▶ **HOW TO COMPLETE THIS TASK**
The reply must contain exactly the lines below from the one with "This Rolex Datejust" down to the one with "an empty parking", both included, and nothing more; please omit the pictures.

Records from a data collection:
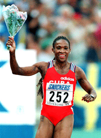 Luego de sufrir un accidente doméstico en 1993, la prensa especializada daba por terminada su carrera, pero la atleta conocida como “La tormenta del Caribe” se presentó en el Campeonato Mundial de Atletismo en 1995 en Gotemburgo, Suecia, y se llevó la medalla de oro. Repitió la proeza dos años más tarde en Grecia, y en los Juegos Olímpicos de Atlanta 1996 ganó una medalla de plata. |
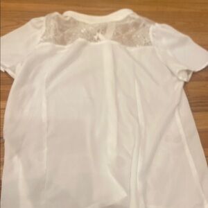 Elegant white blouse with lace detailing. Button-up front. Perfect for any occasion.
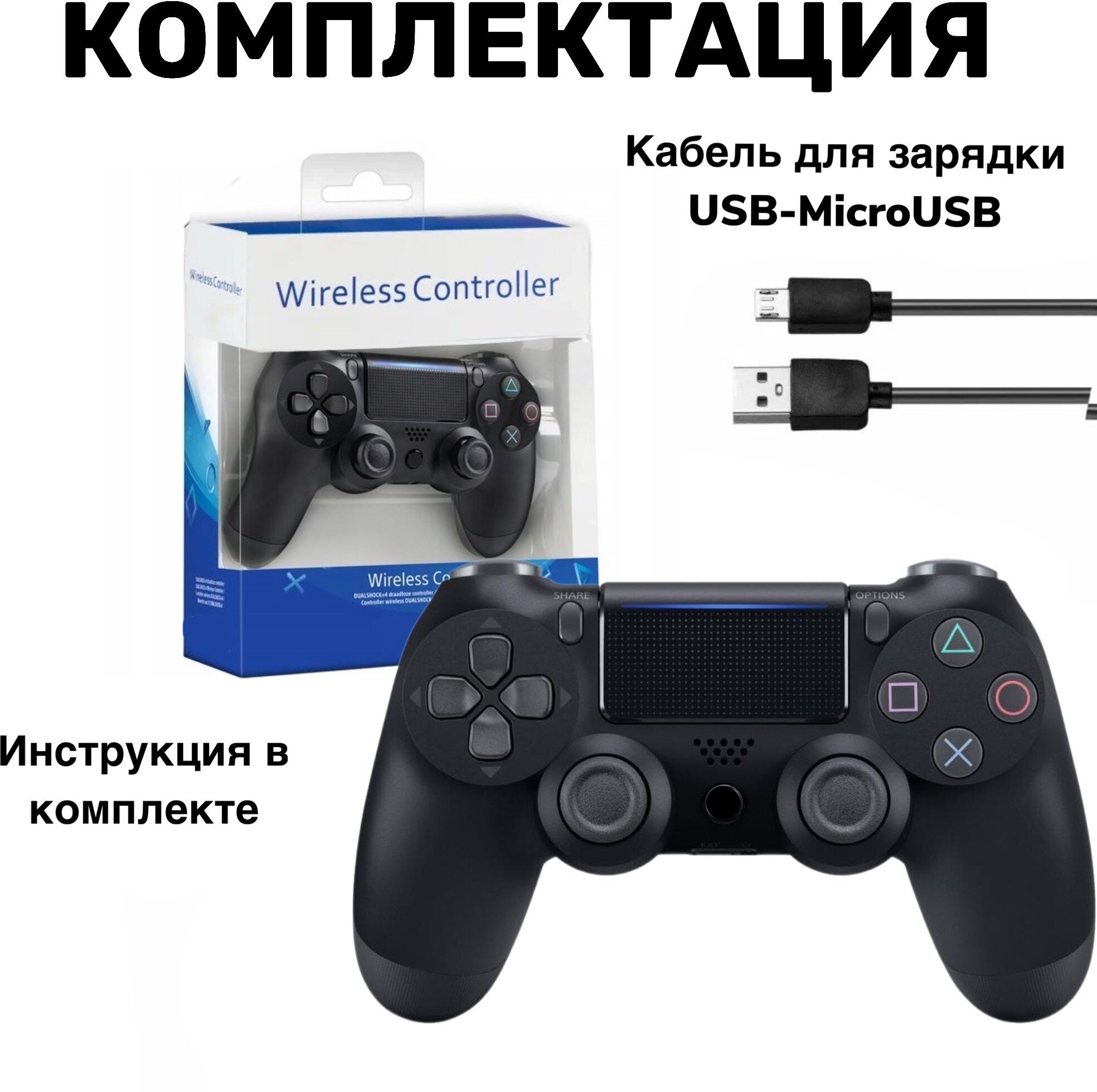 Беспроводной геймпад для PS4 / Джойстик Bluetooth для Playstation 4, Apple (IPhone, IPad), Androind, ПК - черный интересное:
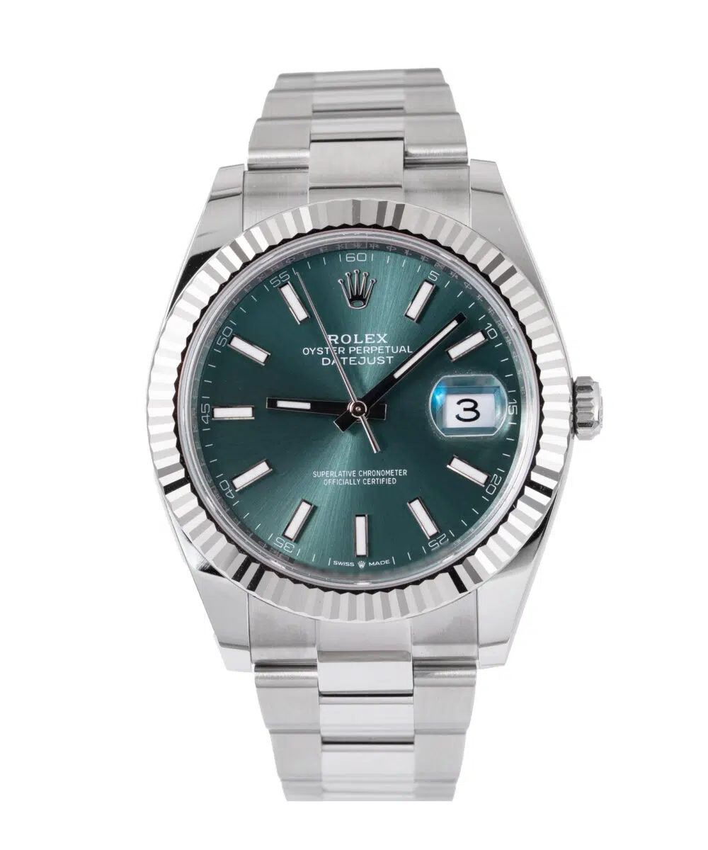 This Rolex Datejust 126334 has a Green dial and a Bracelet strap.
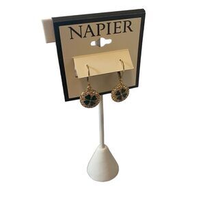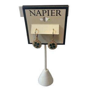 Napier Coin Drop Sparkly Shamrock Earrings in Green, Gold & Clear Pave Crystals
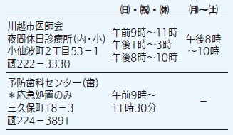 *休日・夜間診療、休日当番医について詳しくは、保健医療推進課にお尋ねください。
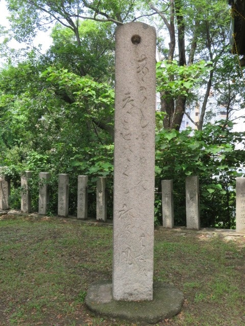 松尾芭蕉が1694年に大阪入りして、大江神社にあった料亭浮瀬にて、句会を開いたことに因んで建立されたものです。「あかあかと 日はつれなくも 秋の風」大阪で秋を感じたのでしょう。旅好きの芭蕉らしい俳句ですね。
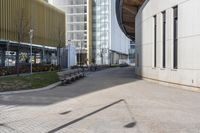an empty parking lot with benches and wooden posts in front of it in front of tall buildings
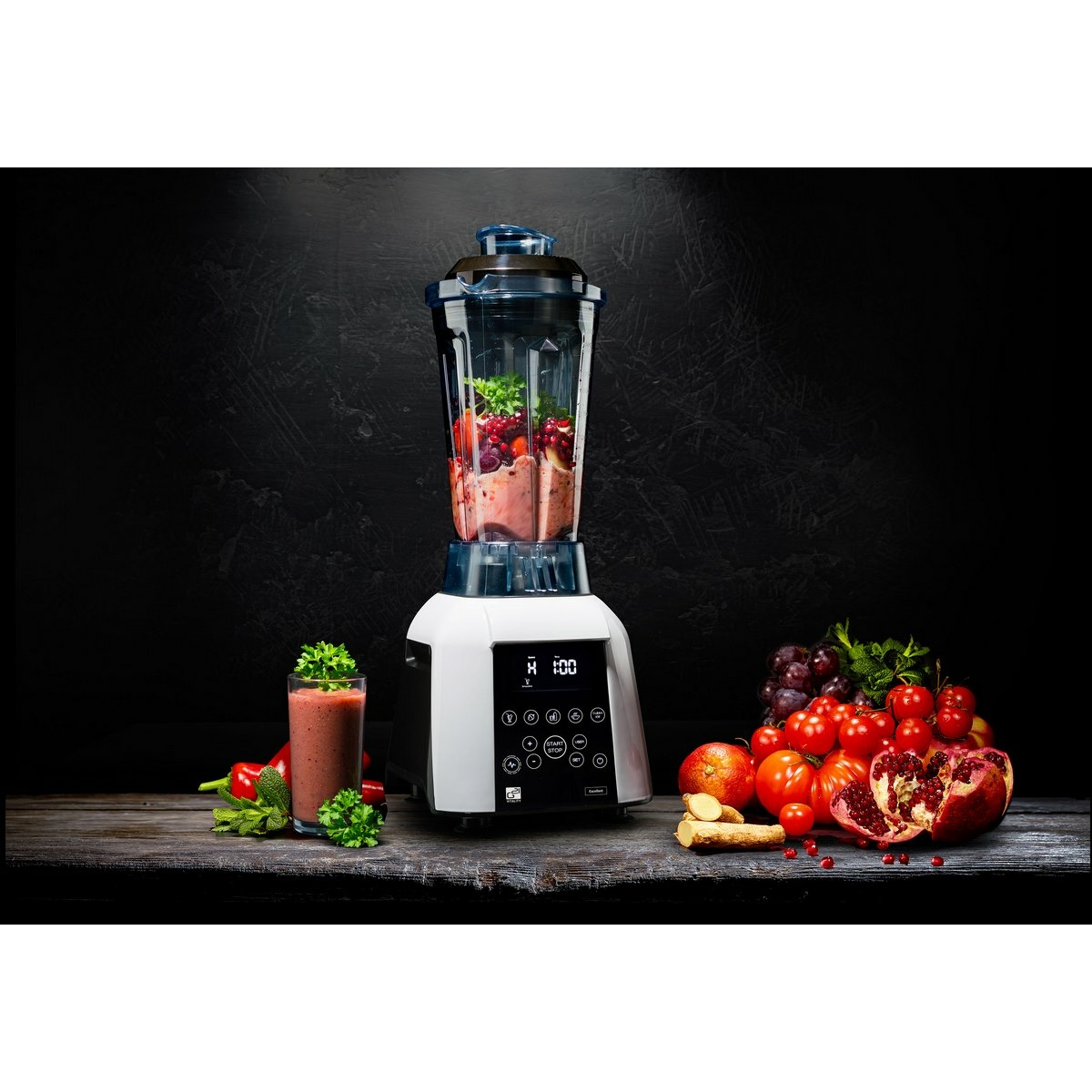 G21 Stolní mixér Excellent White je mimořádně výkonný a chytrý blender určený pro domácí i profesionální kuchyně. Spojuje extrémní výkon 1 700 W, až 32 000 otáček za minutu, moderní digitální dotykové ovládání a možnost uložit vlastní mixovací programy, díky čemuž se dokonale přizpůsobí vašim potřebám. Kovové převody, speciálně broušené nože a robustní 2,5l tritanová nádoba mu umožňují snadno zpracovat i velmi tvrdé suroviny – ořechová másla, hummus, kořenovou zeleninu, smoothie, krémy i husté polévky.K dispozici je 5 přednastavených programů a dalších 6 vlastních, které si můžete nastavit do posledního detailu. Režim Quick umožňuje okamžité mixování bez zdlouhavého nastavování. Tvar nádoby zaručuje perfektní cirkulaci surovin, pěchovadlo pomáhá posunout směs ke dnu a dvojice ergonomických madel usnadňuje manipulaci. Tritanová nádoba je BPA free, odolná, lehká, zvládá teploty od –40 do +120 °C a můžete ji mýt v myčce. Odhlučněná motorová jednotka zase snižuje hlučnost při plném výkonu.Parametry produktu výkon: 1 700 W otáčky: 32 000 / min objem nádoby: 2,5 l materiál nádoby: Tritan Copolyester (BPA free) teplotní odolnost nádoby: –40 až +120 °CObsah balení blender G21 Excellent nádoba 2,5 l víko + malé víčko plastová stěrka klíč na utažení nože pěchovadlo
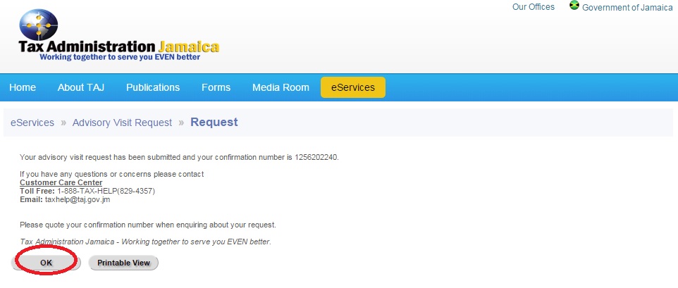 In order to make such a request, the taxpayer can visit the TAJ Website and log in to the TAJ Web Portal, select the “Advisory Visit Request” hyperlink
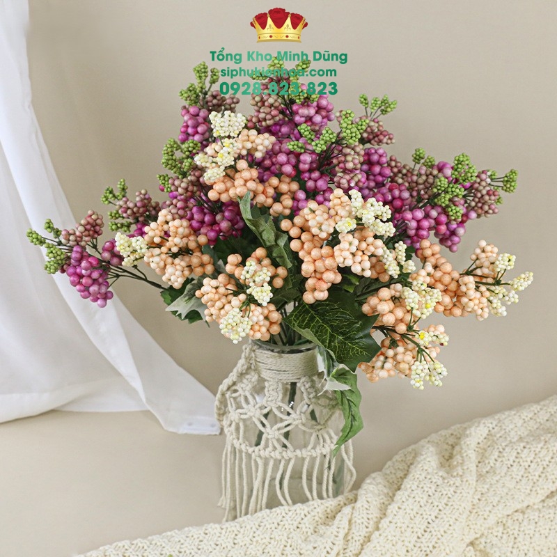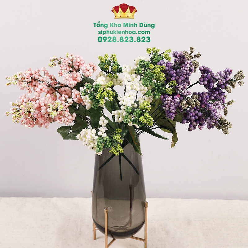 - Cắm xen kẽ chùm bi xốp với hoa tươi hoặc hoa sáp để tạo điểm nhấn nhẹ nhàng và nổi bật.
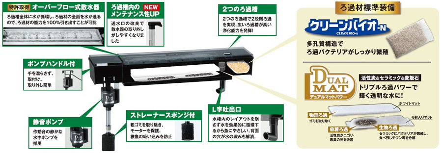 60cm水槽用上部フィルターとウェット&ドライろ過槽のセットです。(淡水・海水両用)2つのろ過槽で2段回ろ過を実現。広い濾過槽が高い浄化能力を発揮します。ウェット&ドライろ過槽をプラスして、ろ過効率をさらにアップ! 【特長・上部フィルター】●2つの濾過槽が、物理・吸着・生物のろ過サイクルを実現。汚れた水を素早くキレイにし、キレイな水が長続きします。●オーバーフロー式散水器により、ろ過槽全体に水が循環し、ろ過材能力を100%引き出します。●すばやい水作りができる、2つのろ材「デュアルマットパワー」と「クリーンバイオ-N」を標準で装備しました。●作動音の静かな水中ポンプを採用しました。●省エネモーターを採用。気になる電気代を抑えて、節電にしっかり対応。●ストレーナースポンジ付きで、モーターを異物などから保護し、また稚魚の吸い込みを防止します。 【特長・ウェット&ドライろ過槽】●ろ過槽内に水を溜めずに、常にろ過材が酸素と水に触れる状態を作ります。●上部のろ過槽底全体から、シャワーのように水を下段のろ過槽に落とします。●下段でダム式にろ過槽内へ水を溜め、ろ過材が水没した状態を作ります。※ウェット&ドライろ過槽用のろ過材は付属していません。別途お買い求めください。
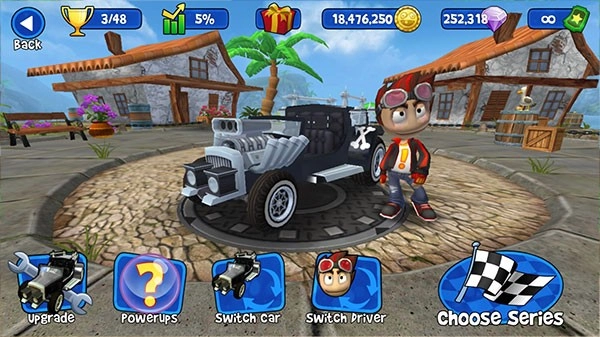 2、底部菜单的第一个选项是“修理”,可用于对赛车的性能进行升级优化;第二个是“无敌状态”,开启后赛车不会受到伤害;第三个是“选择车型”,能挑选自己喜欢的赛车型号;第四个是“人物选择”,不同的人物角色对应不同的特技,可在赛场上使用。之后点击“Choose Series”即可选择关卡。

▶ **RESULT**
 This Rolex Datejust 126334 has a Green dial and a Bracelet strap.
 Napier Coin Drop Sparkly Shamrock Earrings in Green, Gold & Clear Pave Crystals
 *休日・夜間診療、休日当番医について詳しくは、保健医療推進課にお尋ねください。
 松尾芭蕉が1694年に大阪入りして、大江神社にあった料亭浮瀬にて、句会を開いたことに因んで建立されたものです。「あかあかと 日はつれなくも 秋の風」大阪で秋を感じたのでしょう。旅好きの芭蕉らしい俳句ですね。
an empty parking lot with benches and wooden posts in front of it in front of tall buildings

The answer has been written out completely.